Reputation: 1547
I've got something like that in HTML coming from server:
<html ...>
<head ...>
....
<link href="http://mydomain.com/Digital_Cameras--~all" rel="canonical" />
<link href="http://mydomain.com/Digital_Cameras--~all/sec_~product_list/sb_~1/pp_~2" rel="next" />
...
</head>
<body>
...
</body>
</html>
If b holds the browser object navigated to the page I need to look through, I'm able to find rel="canonical"
with b.html.include?
statement, but how could I retrieve the entire line where this substring was found? And I also need the next (not empty) one.
Upvotes: 1
Views: 422
Reputation: 46846
You can use a css-locator (or xpath) to get link elements.
The following would return the html (which would be the line) for the link element that has the rel attribute value of "canonical":
b.element(:css => 'link[rel="canonical"]').html
#=> <link href="http://mydomain.com/Digital_Cameras--~all" rel="canonical" />
I am not sure what you mean by "I also need the next (not empty) one.". If you mean that you want the one with rel attribute value of "next", you can similarly do:
b.element(:css => 'link[rel="next"]').html
#=> <link href="http://mydomain.com/Digital_Cameras--~all/sec_~product_list/sb_~1/pp_~2" rel="next" />
Upvotes: 5
Reputation: 5283
You could use String#each_line
to iterate through each line in b.html
and check for rel=
:
b.goto('http://www.iana.org/domains/special')
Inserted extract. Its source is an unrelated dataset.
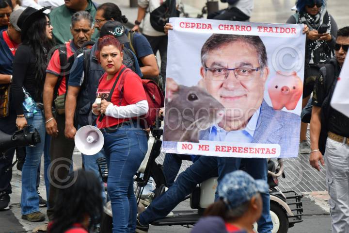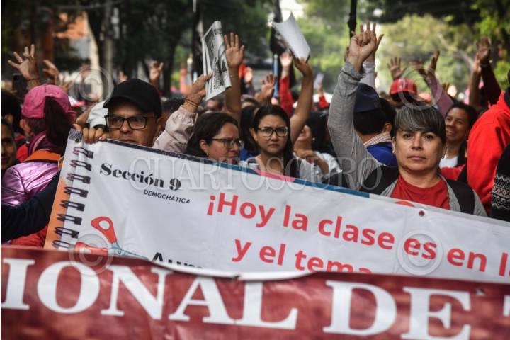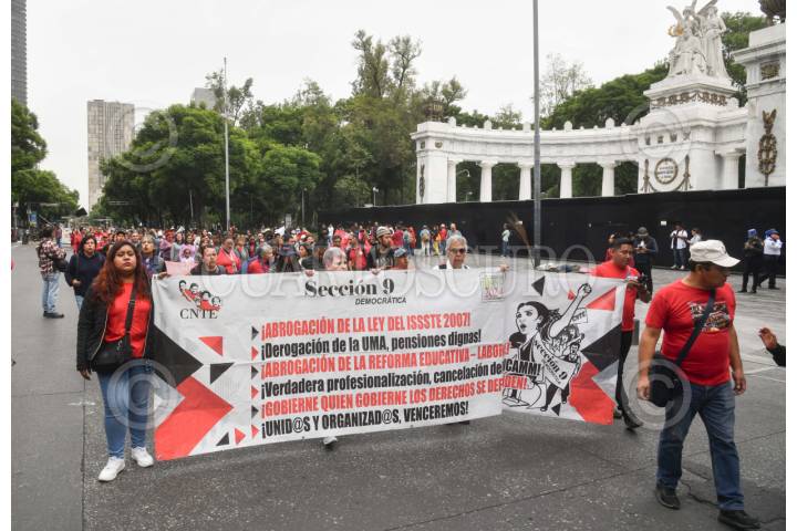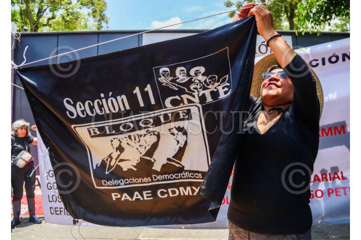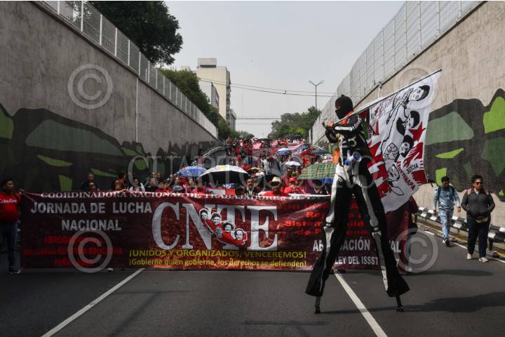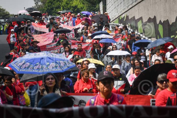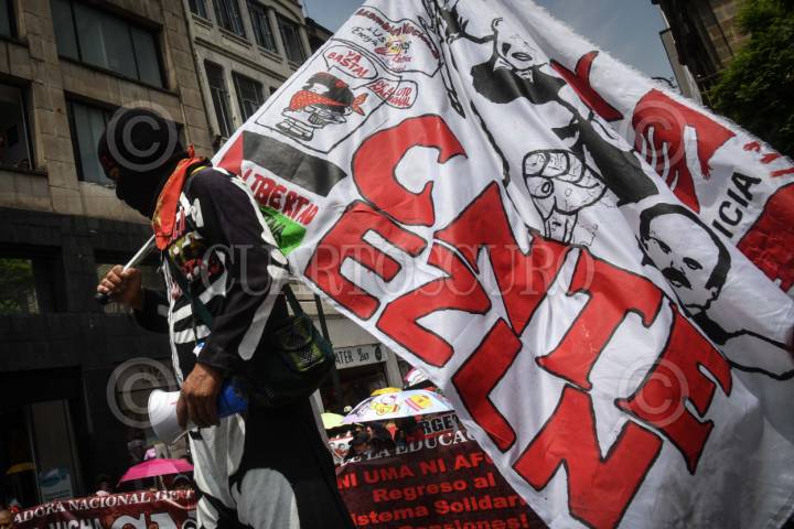 CIUDAD DE MÉXICO, 17JULIO2025.- Maestros de la Coordinadora Nacional de Trabajadores de la Educación (CNTE) realizaron una marcha que partió de la Unidad de Administración y Finanzas de la Autoridad Educativa Federal de la Ciudad de México (AEFCM) rumbo al zócalo capitalino para exigir al gobierno federal la devolución de los días de salario que les descontaron por haber participado en el paro laboral de hace un mes. FOTO: MARIO JASSO/CUARTOSCURO.COM

b.html.each_line {|line| puts line if line.include? "rel="}
That should return all strings including rel=
(although it could return lines that you don't want, such as <a>
tags with rel
attributes).
Alternately, you could use nokogiri to parse the HTML:
require 'nokogiri'
require 'open-uri'
doc = Nokogiri::HTML(open("http://www.iana.org/domains/special"))
nodes = doc.css('link')
nodes.each { |node| puts node}
Upvotes: 0